"Never Give Up"

Nora Poggi is a Sciences Po Master of Communications and the Director-Producer of the award-winning documentary film, "She Started It" on women tech entrepreneurs. The film was named one of "5 Must-Watch Movies for Entrepreneurs in 2017" by Inc Magazine and was shown at over 300 events, at Harvard University, Columbia University, Yale University, Stanford University, The World Bank, Disney, Google, Apple, Microsoft, as well as numerous film festivals, conferences and high schools. Shot in Silicon Valley, New York, Vietnam, Europe and elsewhere, the film follows five young women on their road to start-up success. Nora Poggi will be at Sciences Po for a projection of the film on 3, April 2018.

After the success of the documentary in the US, Nora and her team are launching the film in France. Interview with the Director-Producer.

Sciences Po: What led you to make a documentary on women entrepreneurs? 

Nora Poggi: My co-producer Insiyah Saeed and I started this documentary, called She Started It, in Spring 2013. I was covering the tech industry as a journalist and noticed the lack of women. One day I attended a conference by Women 2.0 and discovered top women entrepreneurs who I had never heard of. I thought, how come their stories are not all over the news? Today, women account for only 9% of founders of high-growth firms, and 96% of venture-capitalists in the United States are men, controlling the majority of the money. We decided to tell the stories of women starting their own companies to showcase this entrepreneurial revolution. We followed five young women through the ups and downs of their entrepreneurial journey. We want girls who see the film to know that they can take risks, that failure is okay and that it is worth trying something you are passionate about.

Sciences Po: Sciences Po is a university that pays great attention to gender studies. Would you say that your studies at Sciences Po were what sparked your interest in women’s entrepreneurship? 

Nora Poggi: At Sciences Po I majored in Communication, and my studies at the School of Management and Innovation were a great springboard into creative and media work. It was mostly my discovery of women business founders in San Francisco that sparked my interest in women’s entrepreneurship, but I have always been particularly focused on gender equality issues, including during my Sciences Po years, where incredible teachers gave me the tools to lead me where I am today.

Sciences Po: When Sheryl Sandberg gave a lecture at Sciences Po in 2014, she said that women “suffer from the tyranny of low expectations.” You interviewed many female tech entrepreneurs when making your documentary and you got to know them well. From your perspective, what was the most common obstacle that these women had to overcome to make their projects successful? 

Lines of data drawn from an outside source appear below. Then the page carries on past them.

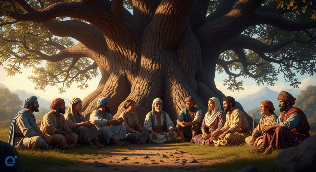Một nhóm người đa dạng, thuộc nhiều nền văn hóa và tôn giáo khác nhau, đang cùng nhau ngồi dưới một cây cổ thụ lớn, chia sẻ câu chuyện và cười đùa vui vẻ, thể hiện sự hòa hợp và thấu hiểu.
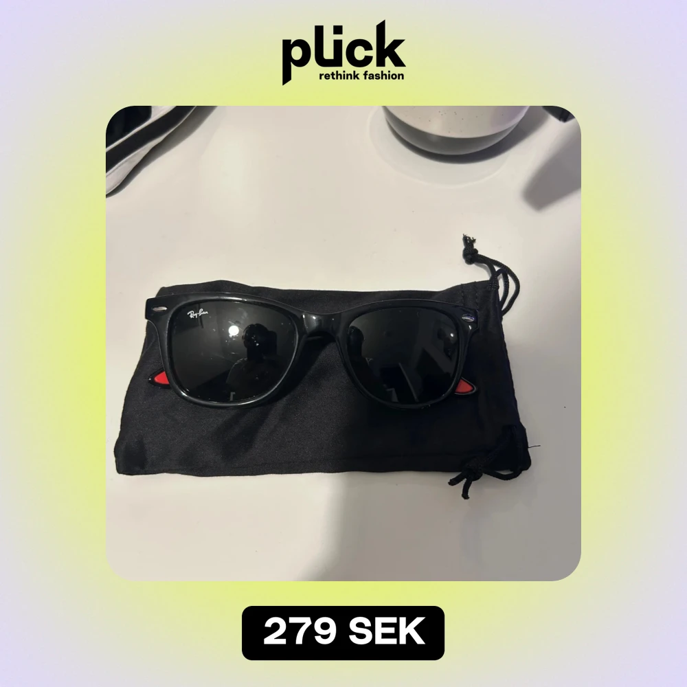 Säljer ett par svarta RayBan solglasögon, en liten skråma som man kan se på 3e bilden
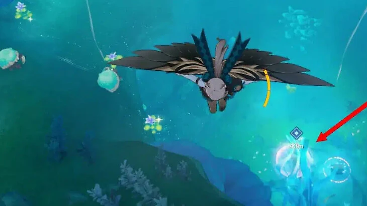Спуститесь к берегу, где видно, что в проливе что-то лежит на дне. Ныряйте в воду и идите вглубь. На дне, в небольшой впадине, вы увидите каменную фигуру, закрытую магическим барьером.
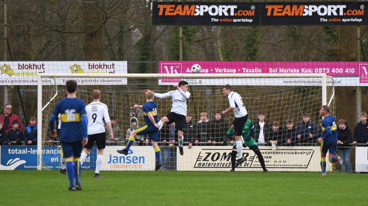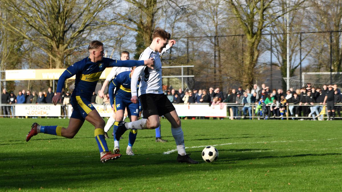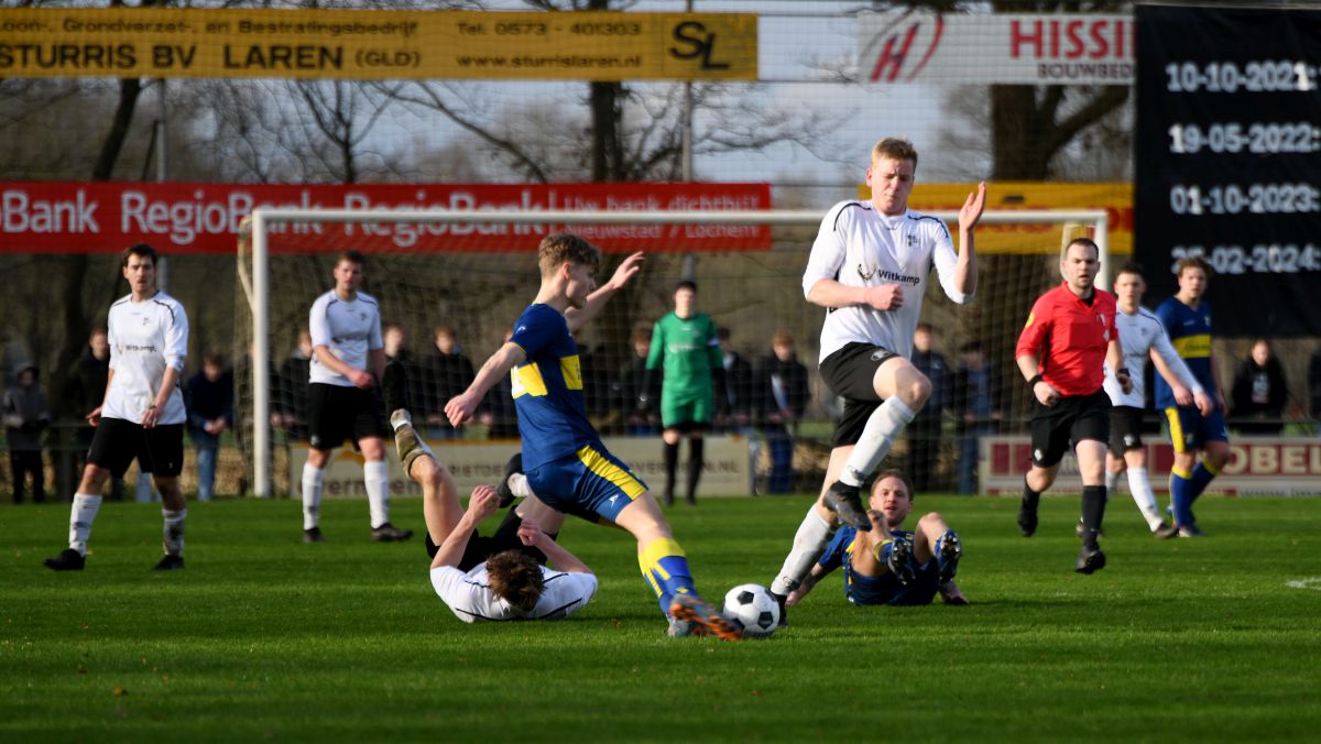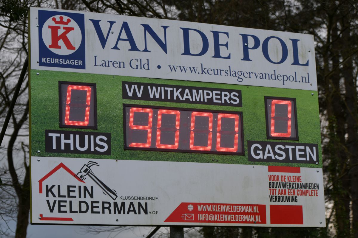 Vlak voor tijd schiet Niels Saaltink van ruimte afstand nét over en naast en ook een kopbal van Colin Stegeman komt nog op de paal terecht. Na 48 minuten in de eerste en 57 minuten in de tweede helft kan de balans worden opgemaakt. Witkampers en Sportclub Lochem speelden een boeiende en soms intense derby en houden elkaar uiteindelijk in evenwicht.

Nora Poggi: Studies show that girls give up on maths and science when they get a bad grade in school, but boys don't. Research also shows that fear of failure hits girls the hardest, which prevents them from going after their dreams. The women we interviewed all had one thing in common: they believed in themselves enough to overcome these doubts, that little voice which asks "Am I good enough?"
They learned how to build their self-confidence, and their family, friends or mentors were instrumental in supporting them. It is crucial for any entrepreneur to develop a support system and a network. Anyone can start within their local community or outside their ecosystem by reaching out to like-minded individuals and by looking for people willing to support them on their journey. That being said, it is imperative that we as a society change and fight against the structural barriers that prevent women and girls from following their ambitions. There is a lack of capital, ressources, role models, mentors, and support specifically for women and diverse founders (founders of color, LGBTQ, founders with disabilities, and more). We have to diversify the entire ecosystem and the venture-capital risk community, and also fight against cultural norms and media that show us a very narrow perspective on entrepreneurship. That is the part I am tackling with "She Started It.